13 septiembre 2019


Negocios

Luis M. de Blas Muela



Llegaron de las tierras altas. Traían en las alforjas viejos pellejos cubiertos con pieles de oveja. Miraban a su alrededor con una mezcla de temor y curiosidad que denotaba su desconocimiento de las tierras y gentes de la lejana región a donde llegaban.
Cuando preguntaron a un lugareño, éste indicó una construcción de grandes piedras y recia mampostería al otro lado del pueblo. Al llegar al lugar y traspasar el gran arco de piedra de la entrada se encontraron en un gran patio recorrido por una galería de soportales de madera con columnas y capiteles y un curioso artesonado con motivos florales y geométricos que llamó poderosamente su atención.

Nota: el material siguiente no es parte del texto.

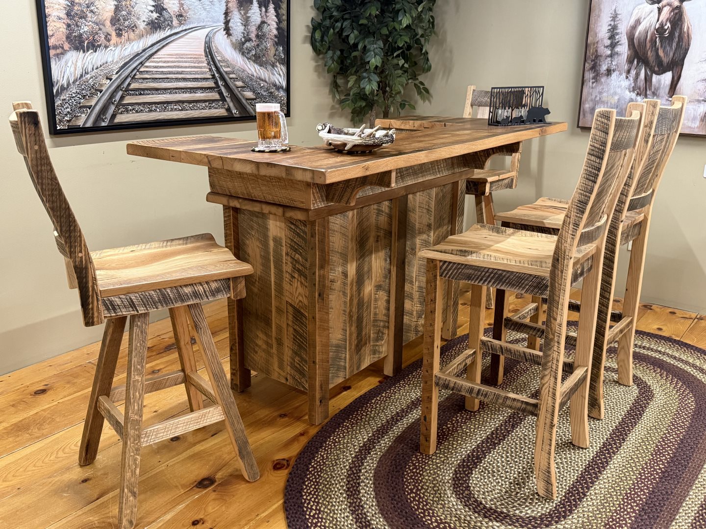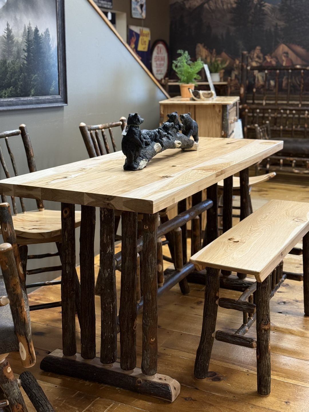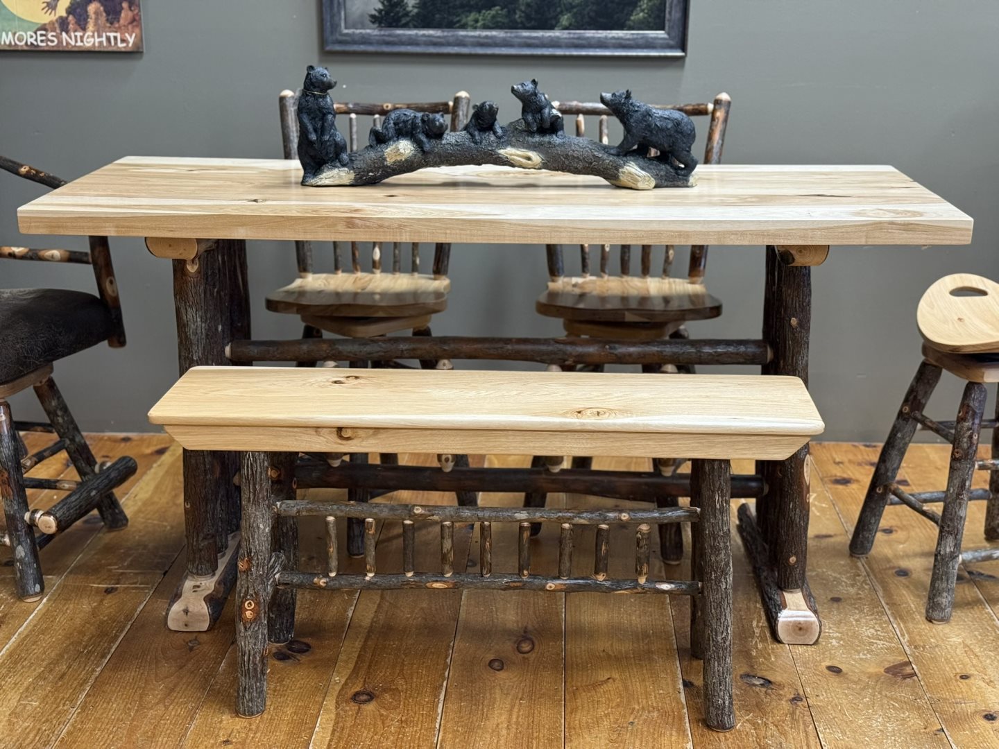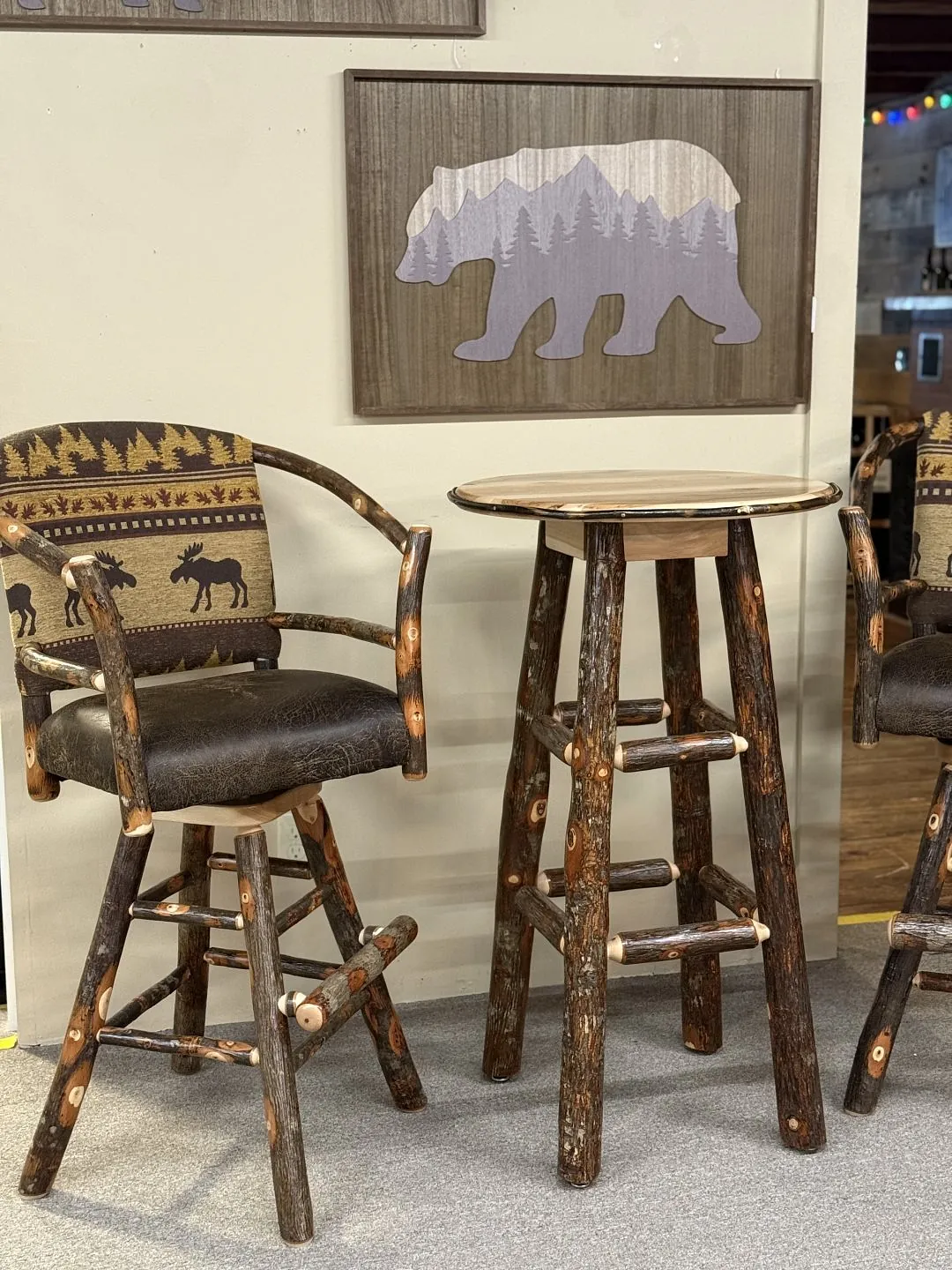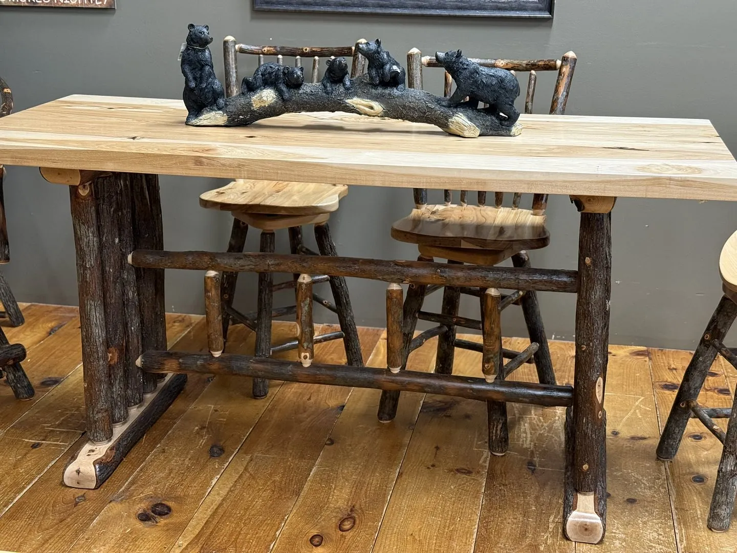 (#CT-2190) Counter Table, (#B-45-24) Bench, (#B-F1020-24/3) Swivel Stools (#B-295) & (#B-67-24) Saddle Swivel - Solid Hickory & Barked Hickory (#CT-2190) Counter Table, (#B-45-24) Bench, (#B-F1020-24/3) Swivel Stools (#B-295) & (#B-67-24) Saddle Swivel - Solid Hickory & Barked Hickory

Fueron recibidos por el mayoral de la hacienda que los condujo a través de las cuadras y cocheras hasta una empinada escalinata de piedra que descendía hasta los sótanos, en un recorrido apenas iluminado por gruesos velones. Tras descender el último peldaño encontraron una larga galería abovedada en cuyo final se adivinaban las gruesas formas de una multitud de barricas y tinajas. Al acercarse a ellas, un olor ácido se hizo notar en el aire mientras les conducían hasta una larga mesa de madera donde ya se hallaban dispuestos unos vasos y a la que se encontraban sentados varios hombres.
Tras una mínima presentación, los avispados vendedores se dedicaron a alabar la calidad de sus caldos, famosos en la región, dando por supuesto que su oferta sería aceptada sin discusión por aquellos arrieros que, sin duda, apenas entendían de las mercancías que traían y llevaban de un lugar a otro, y a los que podrían sacar un buen precio y colocarles los vinos que más les interesara sin ofrecer calidad alguna, solo con la fama de los productos de la región.

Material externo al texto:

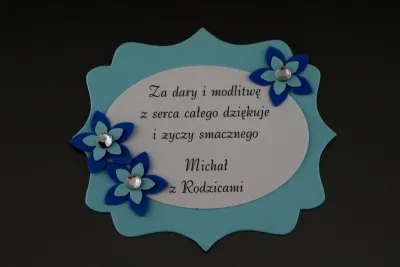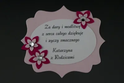 Gustowna etykieta na ciasto komunijne, która składa się z 2 wartw papieru. Etykieta przyozdobiona delikatnymi kwiatuszkami.
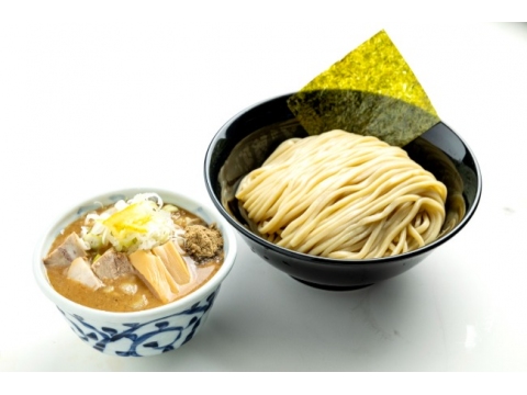 スープは、鶏ガラと豚ガラを長時間かき混ぜながら炊きあげ、大量の煮干しを加えて動物系と魚介系のうまみが重なり合った、濃厚な味わいに仕上げている。また麺は国産小麦を数種類ブレンドした極太麺を使用。卵を練り込むことで、コシの強さと香りにこだわった麺となっている。
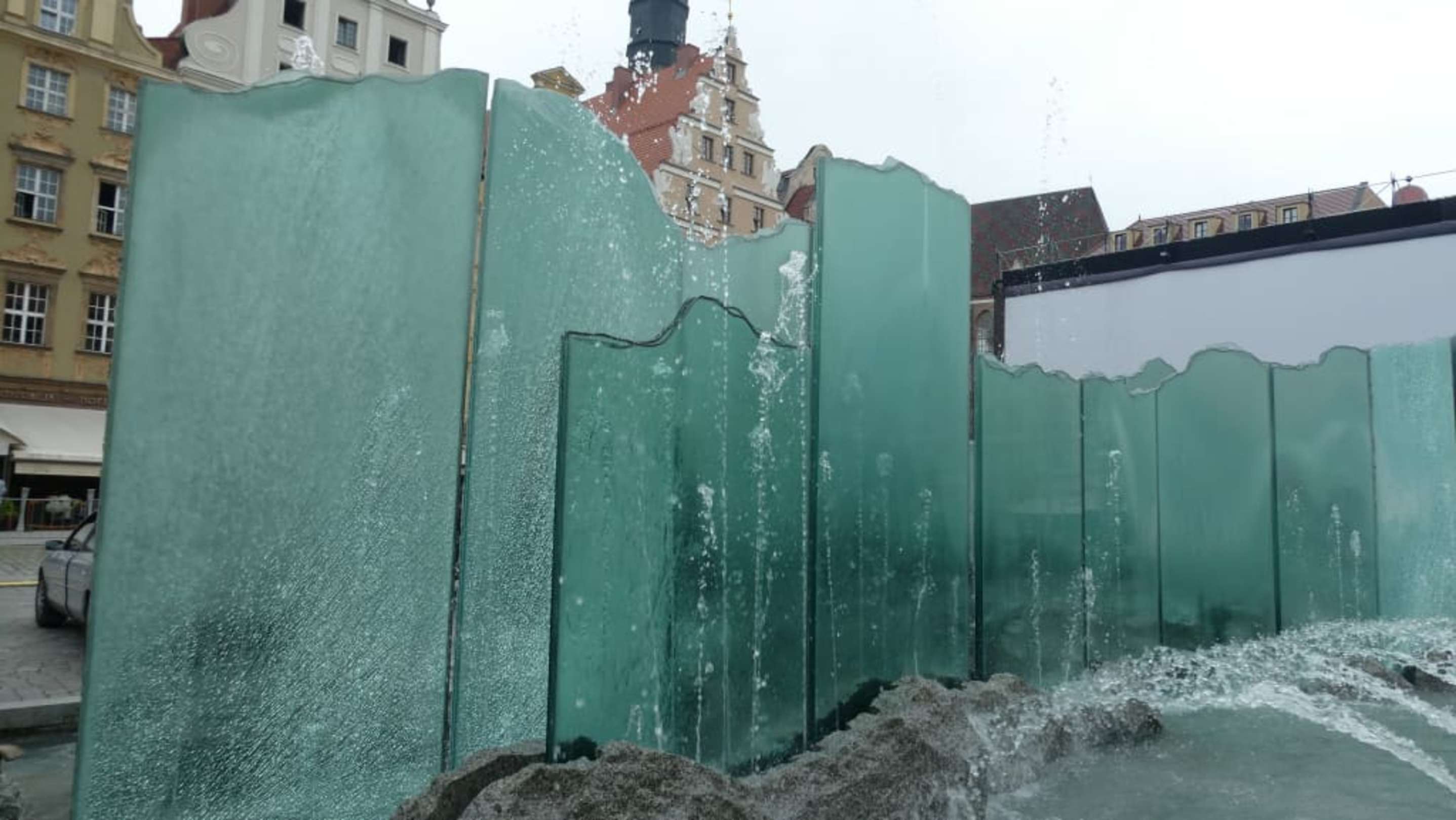 Moderner Brunnen vor historischen Gebäuden
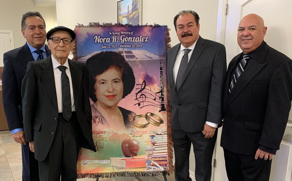 Nora loved to laugh, travel and dance. For more than six decades, she and Pat would attend Friday night football games at the PSJA Stadium, which is directly across the street from their home. On Sunday mornings, Nora would wear her favorite jewelry to church services at La Trinidad United Methodist Church and would sit in the front-row church pew next to Pat surrounded by their sons, their growing families, and other close relatives.
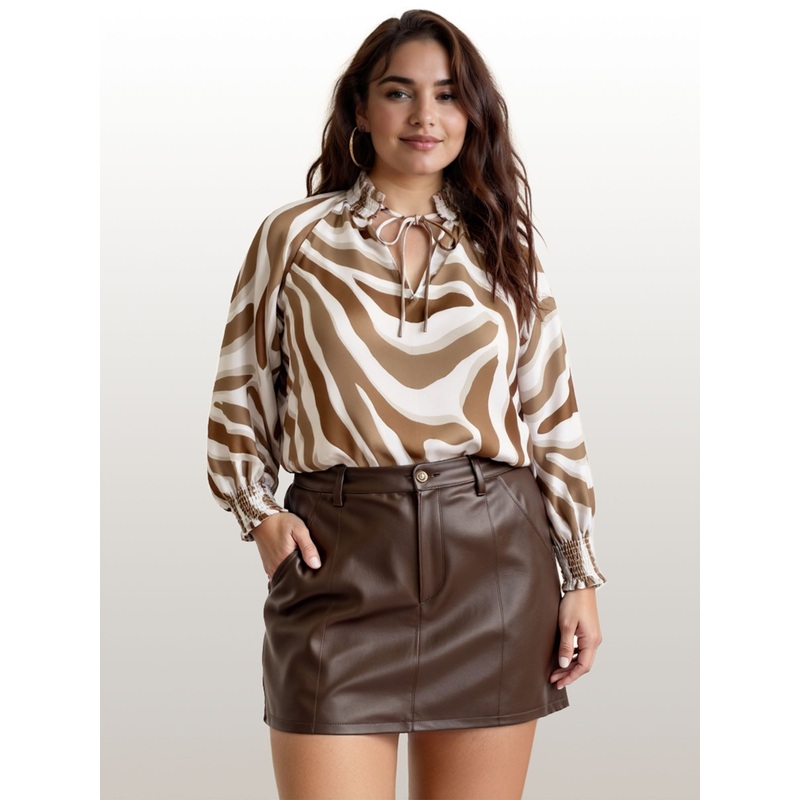 Zebra Print Ruffle Neck Top GREEN – OLIVE

Los viajeros no tuvieron reparo en aceptar el precio pero, en lo que pareció algo entre humilde y curioso, solicitaron ver la heredad donde cultivaban y probar un poco de cada barrica antes de decidir el género que deseaban adquirir. Seguro de su ventaja el amo de la hacienda llamó al mayoral para que acompañara a uno de los invitados y le enseñara los cultivos. Le extrañó que, cuando hubieron salido, los demás le indicaran que, si no tenía inconveniente, preferían esperar el regreso de su compañero antes de seguir con la operación.

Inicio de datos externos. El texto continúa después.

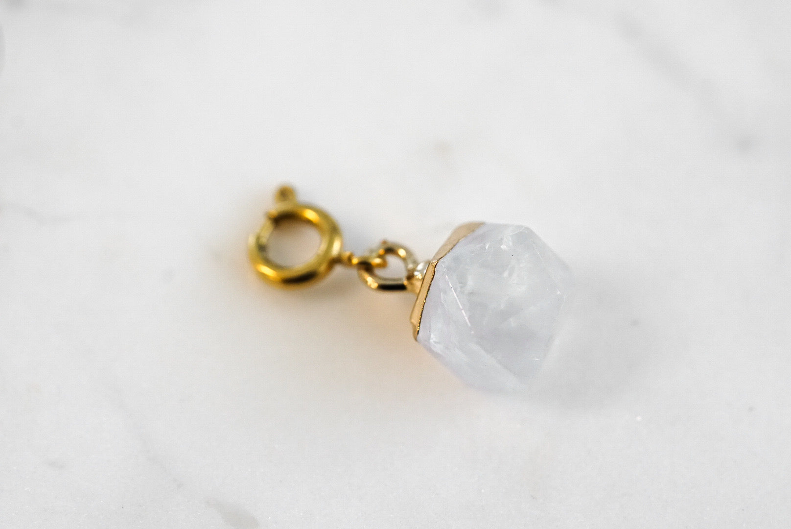 Gold And Pink Geometric Icosahedron Natural Stone Crystal Gemstone Hypoallergenic Nickel Free Charm Accessory. Custom Raw Natural Stone Accents And Designed With Love In Texas. Size 0.75 Inch Length x 0.25 Inch Width With Custom Sizing Available On Select Pieces.
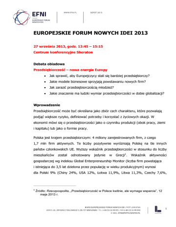 Przedsiębiorczość – nowa energia Europy - EFNI

Cuando volvieron, el arriero llevaba en sus manos tres bolsas de fina tela, las abrió con cuidado y las vació en tres lugares separados de la mesa. Los demás compradores se acercaron a cada uno, estudiaron la tierra de cada montón, la mesaron entre sus dedos y la olisquearon repetidamente. Cuando terminaron, dos de ellos apartaron los vasos que habían dispuesto los dueños, abrieron sus petates, sacaron de ellos unos cuencos de loza y unas jarras de metal mientras los otros disponían sobre la mesa varias tablas de madera. En una colocaron un par de manzanas que cortaron en gajos, en otras varias cazuelas con distintas clases de uvas en cada una, en otra más cazuelas con diversas clases de aceitunas y en la última un gran trozo de queso añejo envuelto en hojas de parra.
Cuando todo estuvo dispuesto, uno de los recién llegados, que no había abierto la boca en todo el tiempo, se levantó y dijo:
Estamos preparados para la cata. Cuando los señores deseen pueden traer los vinos.